Carbotrace 680 is our red optotracer for labeling repetitive motifs in proteins and carbohydrates. Generally, Carbotrace labeling is strongest with protein aggregates. Homoglucans like cellulose are labeled reliably, albeit with lower quantum yield. Heteroglucans with low degree of branching like starches are labeled and can be distingiushed by their spectral fingerpint. Generally labelling of hemicelluloses is weak or absent.

Specifically, Carbotrace 680 has been used to image cellulose and starch components in plant cells and differentiate between those components using multi-laser/multi-detector analysis with confocal microscopy. Using a fluorescence spectrophotometer to acquire excitation and emission spectra, a unique spectral signature allows to differentiate between α(1-3), α(1-4), α(1-6), β(1-3), β(1-4) and β(1-6) linked glucans. As such, Carbotrace 680 labels cell wall components such as Cellulose, Chitin, Laminarin and the hemicellulose xyloglucan. Further, Carbotrace 680 has been used to determine relative carbohydrate content and elasticity of cell walls in plant material. Contact us to learn more about applications for Carbotrace 680.

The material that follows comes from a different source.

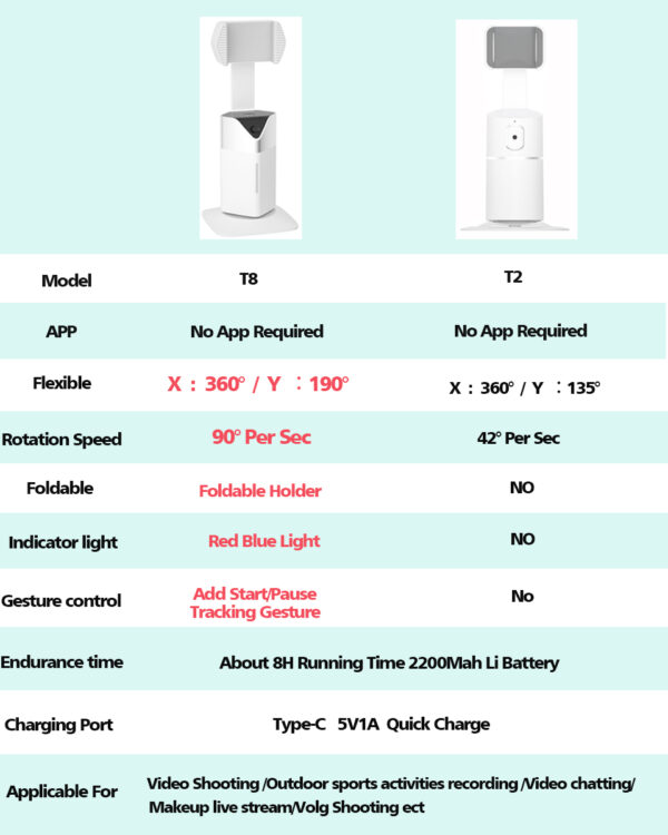 T8 face auto tracking phone stand, auto tracking through built-in AI Technology chip to auto recognize follow-up tracking, without download any APP that does not use cellphone memory, easy installation turn on and start work, T8 net weight about 300g, detachable and foldable lightweight design, It doesn’t take up much space , convenient for travel shooting.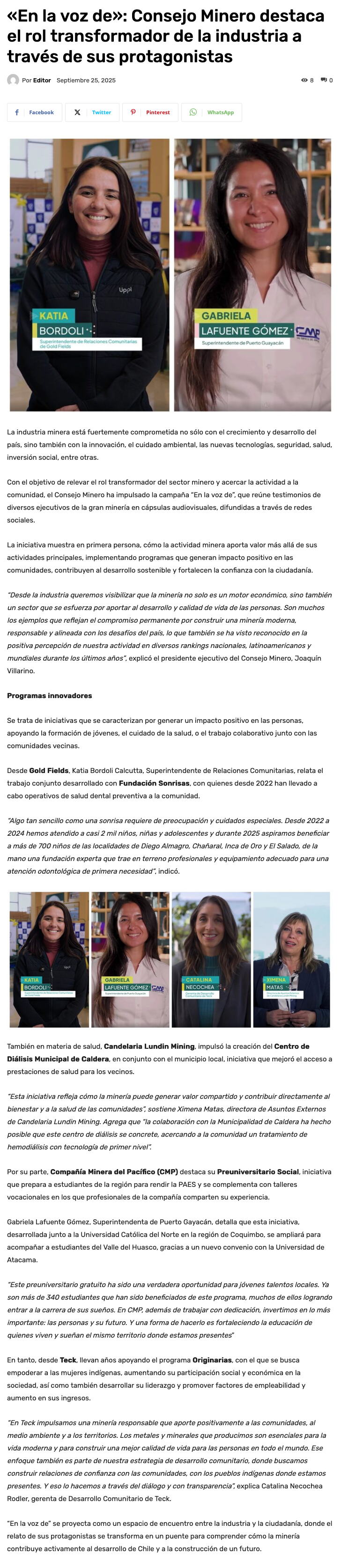 «En la voz de»: Consejo Minero destaca el rol transformador de la industria a través de sus protagonistas - (minerialocal.cl)

Table: Excitation- and emission wavelengths as well as recommended filter sets.
Exmax Emmax Recommended filter-sets
Carbotrace 680 530 nm 680 nm PI, mCherry, Cy3.5

Carbotrace 680 is available in four different formulations (See volumes and prices in the drop-down list below): 

  • Aqueous: 1 mg/ml solution in ultrapure water. The product should be diluted 1:1000 before use. To prevent evaporation of the aqueous solvent, close the container carefully after use, spin down liquid and use up small volumes quickly.
  • DMSO: 1 mg/ml solution in DMSO to prevent solvent evaporation. The product should be diluted 1:1000 before use.
  • Solid: 1 mg solid lyophilised in a sterile injection bottle.
  • Drop&Shine:  5 ml ready-to-use product in mounting medium. Ideal for use in sections. Add a some Drop&Shine and mount your slide to analyse biomass or other cellulosic materials within minutes.
Product Information MSDS (Aqueous) MSDS (DMSO) MSDS (Solid) MSDS (Drop&Shine)
contact us for custom options.

Carbotrace are optotracers for anatomical mapping of carbohydrate structures in plants and for non-destructive composition analysis of glucans in bio-based materials and biofuels.

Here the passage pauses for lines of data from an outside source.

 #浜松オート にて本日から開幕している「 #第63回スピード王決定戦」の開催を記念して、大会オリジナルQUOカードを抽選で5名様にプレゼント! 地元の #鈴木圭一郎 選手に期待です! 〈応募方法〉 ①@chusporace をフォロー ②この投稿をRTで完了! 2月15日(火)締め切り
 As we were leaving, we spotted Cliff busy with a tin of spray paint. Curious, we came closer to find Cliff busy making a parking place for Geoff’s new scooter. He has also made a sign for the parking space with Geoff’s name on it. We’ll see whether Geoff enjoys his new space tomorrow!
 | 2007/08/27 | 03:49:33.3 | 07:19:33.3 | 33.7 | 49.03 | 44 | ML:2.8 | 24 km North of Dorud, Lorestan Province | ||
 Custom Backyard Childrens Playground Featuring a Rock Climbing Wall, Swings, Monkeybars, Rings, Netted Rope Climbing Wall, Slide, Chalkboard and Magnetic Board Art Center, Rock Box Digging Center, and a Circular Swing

The optotracing technology entails the use of structure-responsive fluorescent molecules (optotracers) which become fluorescent when binding to a target. The excitation and emission spectra of the optotracer molecule contain information on the structure of their binding partner and their environment. This spectral fingerprint can be used to identify biomolecules in various types of materials.

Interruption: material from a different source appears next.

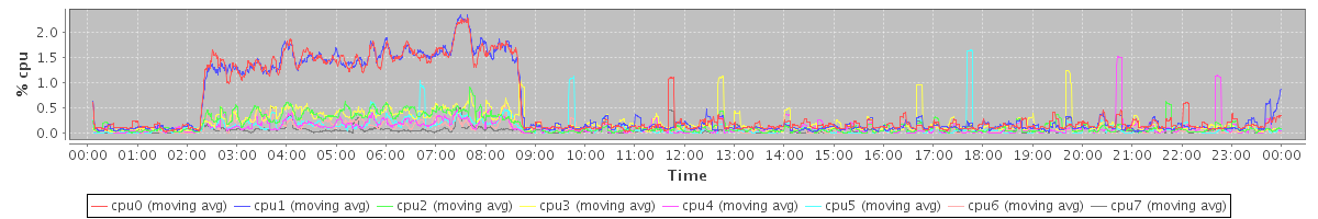 avg(cpu0) = 0.00 avg(cpu1) = 0.01 avg(cpu2) = 0.00 avg(cpu3) = 0.00 avg(cpu4) = 0.00 avg(cpu5) = 0.00 avg(cpu6) = 0.00 avg(cpu7) = 0.00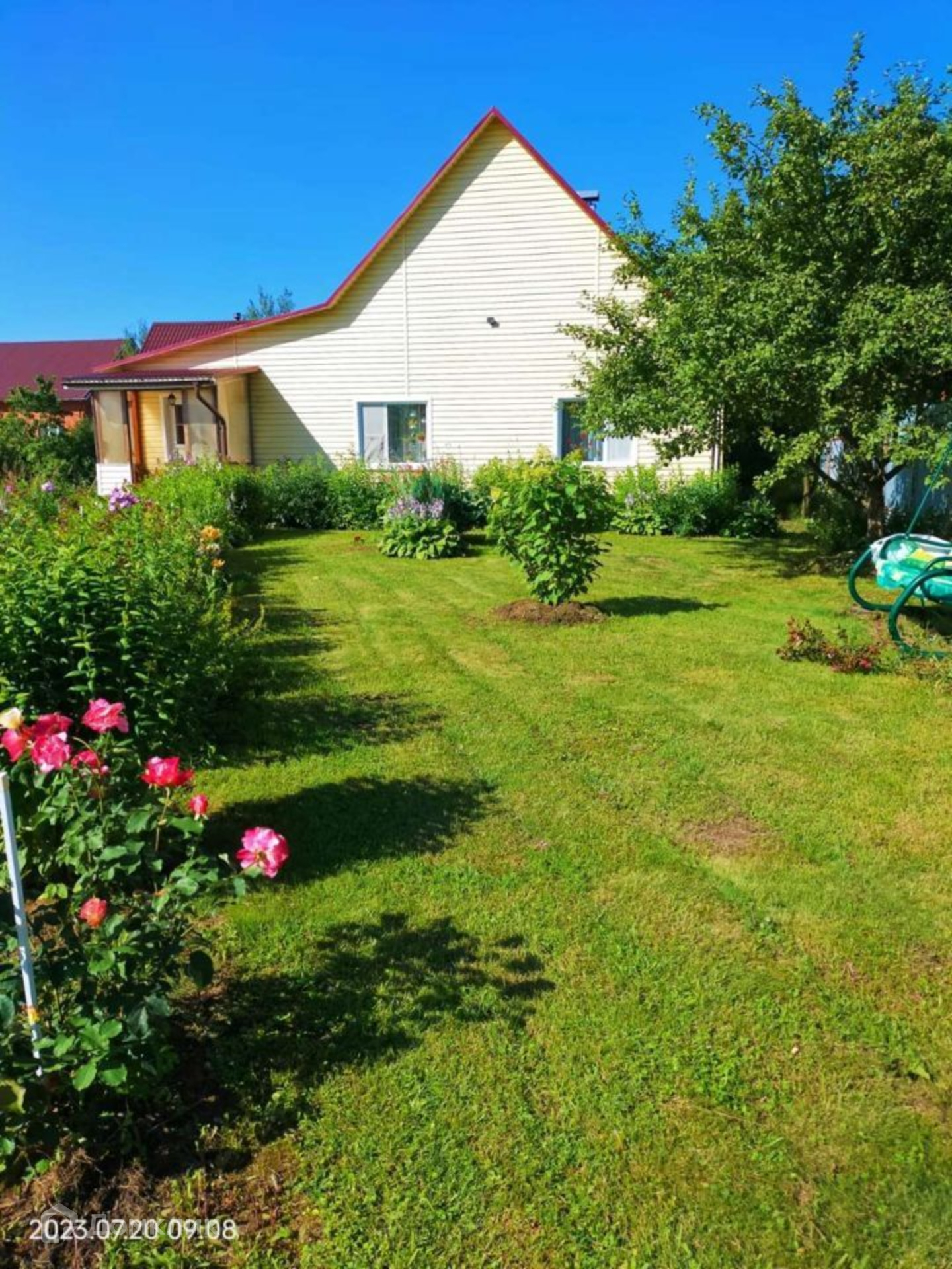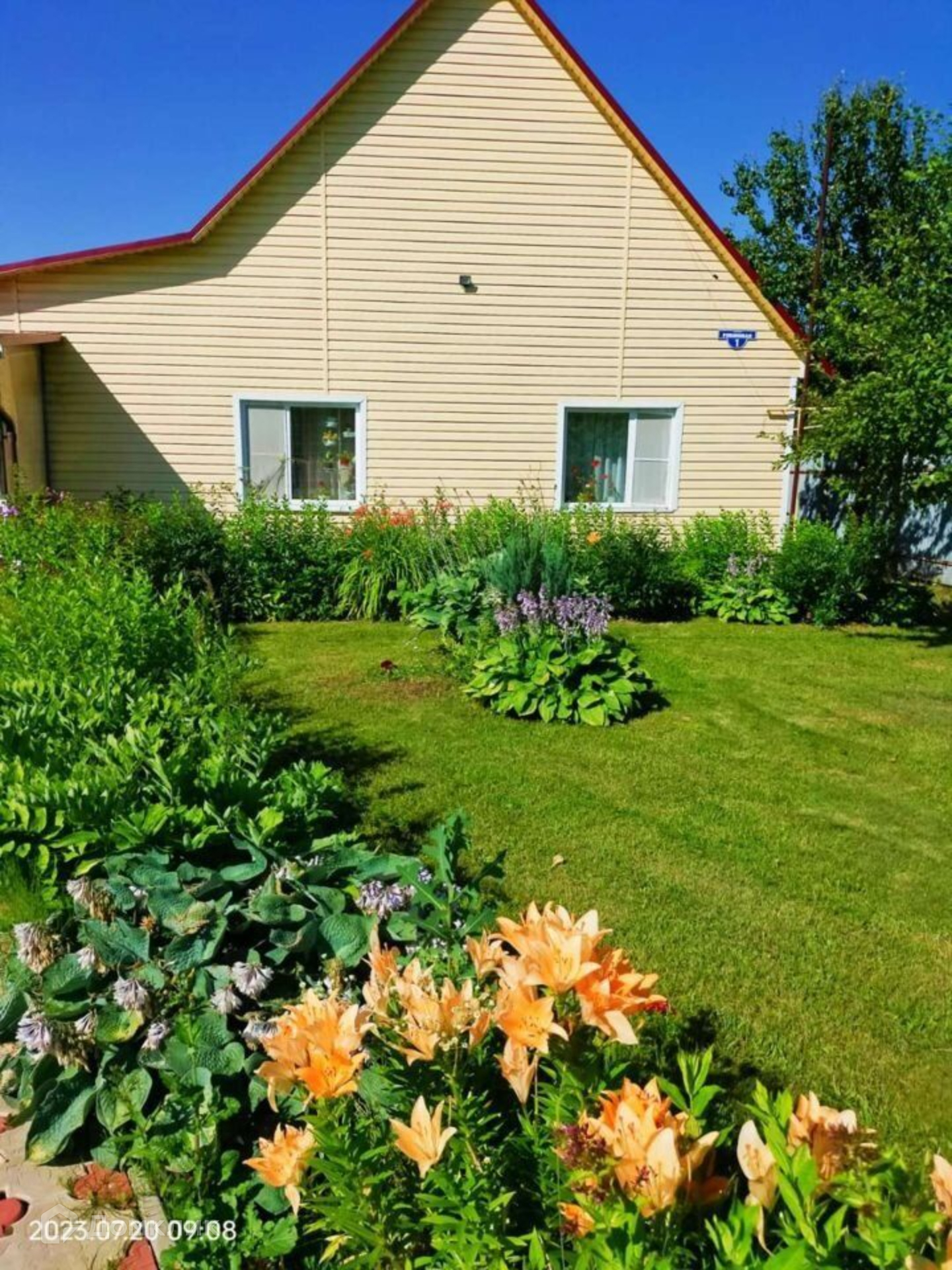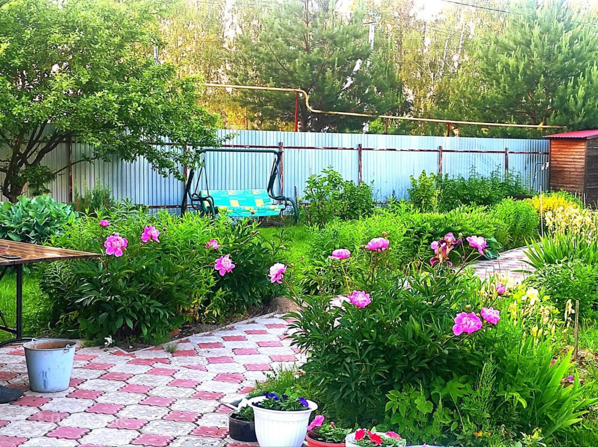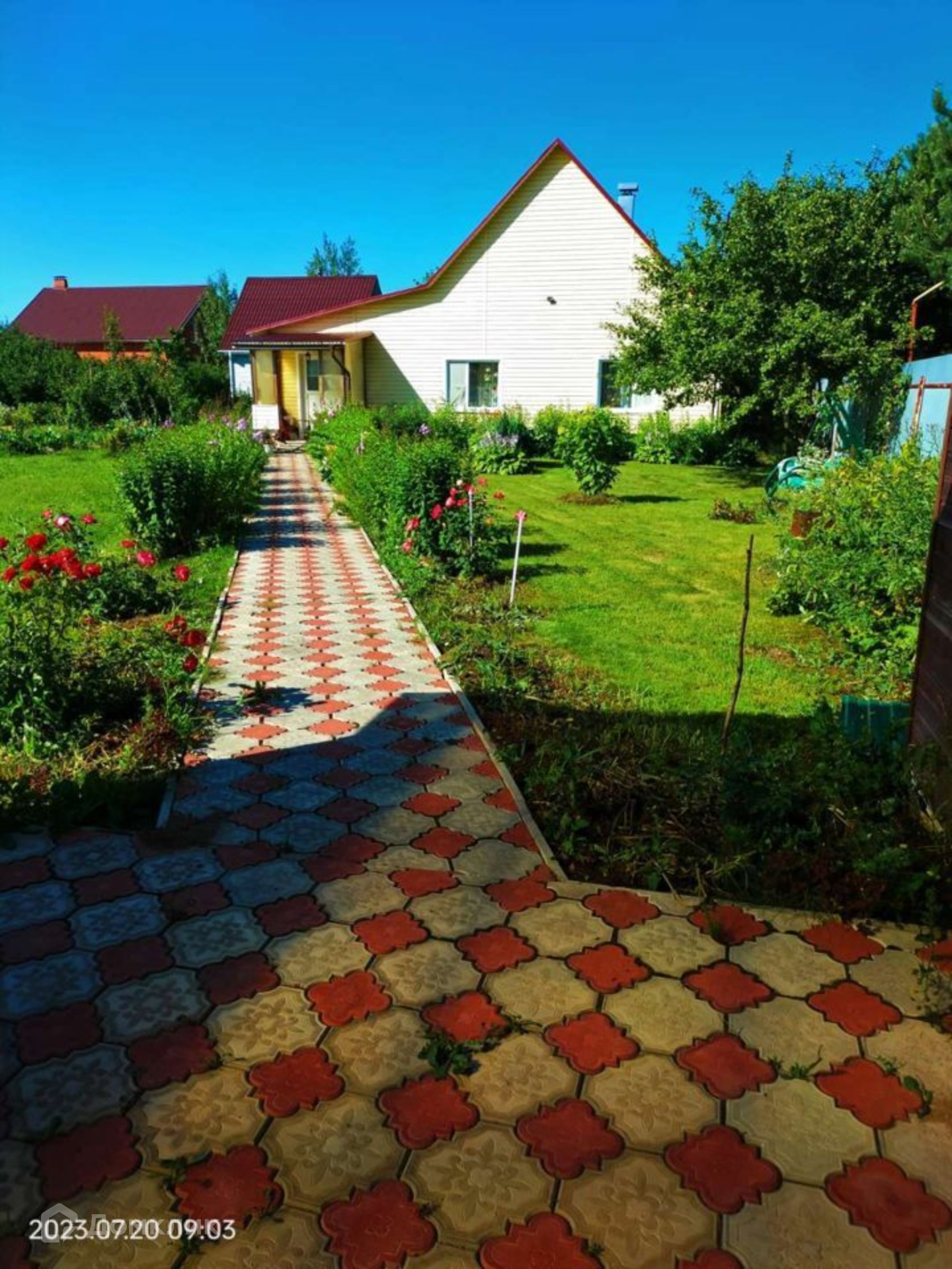Участок ровный, ухоженный правильной формы, с двух сторон забор из профлиста, от соседей сетка рабица. Есть въездные ворота, оборудована крытая стоянка для машины. На участке оборудованы плиточные дорожки, посажены цветы, плодовые деревья, есть теплица и грядки.

Carbotrace is available in five variants which bind to repetitive motifs in proteins and carbohydrates. It has been shown that Carbotrace 680 binds to homoglucans and heteroglucans with a limited degree of branching. By using the spectral fingerprint from the excitation- and emission spectra, it was shown that the optotracer can differentiate between different types of glycosidic bonds. Using Multi-laser/Multi-detector imaging, non-destructive composition analysis of biomass has been performed such as differentiation of cellulose cell walls and starch granules in fresh potato as well as cellulose and lignin in in various types of biomass. Using fluorescence lifetime imaging in combination with Carbotrace 680, the mechanism of paper ageing was analysed. Further, Carbotrace 680 was used to visualise cellulose content in terrestrial plants (maize root and ulvophyceae) as well as algae and to characterise a cellulose immobilisation matrix in a microfluidic device. Carbotrace 480 was used as a tool for cellulose visualisation and to optimise cellulose extraction from macroalgae.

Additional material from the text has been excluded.